Web Sites:
http://www.globalcyclesolutions.com/
http://twitter.com/GlobalCycleSoln
http://globalcyclesolutions.blogspot.com/
What a concept! Global Cycle Solutions (GCS) is a social enterprise started at the MIT. The enterprise sells bicycle-pedal-powered devices: for now, corn (maize) shellers, grinders, and battery chargers. GCS aims to help the world’s 550 million small-scale farmers who live on less than $1/day. The devices are intended to be sold to smallholder farmers and rural villagers, especially to micro-entrepreneurs, whose business will be to travel from farm to farm on the bike, offering a mechanical means of processing grain for a modest fee. GCS has developed the interface to allow the bike to power the sheller, grinder, and battery charger. The bicycle returns to being "just a bike" when the device is disengaged.
A pilot project has been conducted in Arusha and the results suggest that micro-entrepreneurs may recoup the cost of the device in less than two weeks. Local microfinance organizations are being involved to help farmers access these products. I look forward to hearing that other devices have been developed. One that interests me particularly is a device for winnowing wheat using the bike. Now that's something even I would buy!
For a sense of the difficulty of hand shelling and hand grinding, take a look at the Tumbledown Farm corn page and wheat page.

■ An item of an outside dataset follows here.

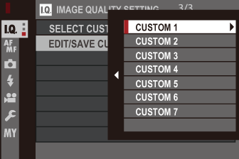 Press MENU/OK in shooting mode to display the shooting menu. Select the IMAGE QUALITY SETTING tab, then highlight EDIT/SAVE CUSTOM SETTING and press MENU/OK.

I first heard about the new device from an article on Farming First, which I mostly support, though I worry that they are promoting the sort of dependence on industrial ag that now plagues much of the world (e.g., this week was about developments in India that encourage the use of industrial inputs). There are farming solutions that will keep more people profitably employed working on the farm (e.g., the sorts of human-scale, human-powered devices highlighted above). So, why make folks dependent--even for the short term--on industrial seed giants and industrially produced fertilizers?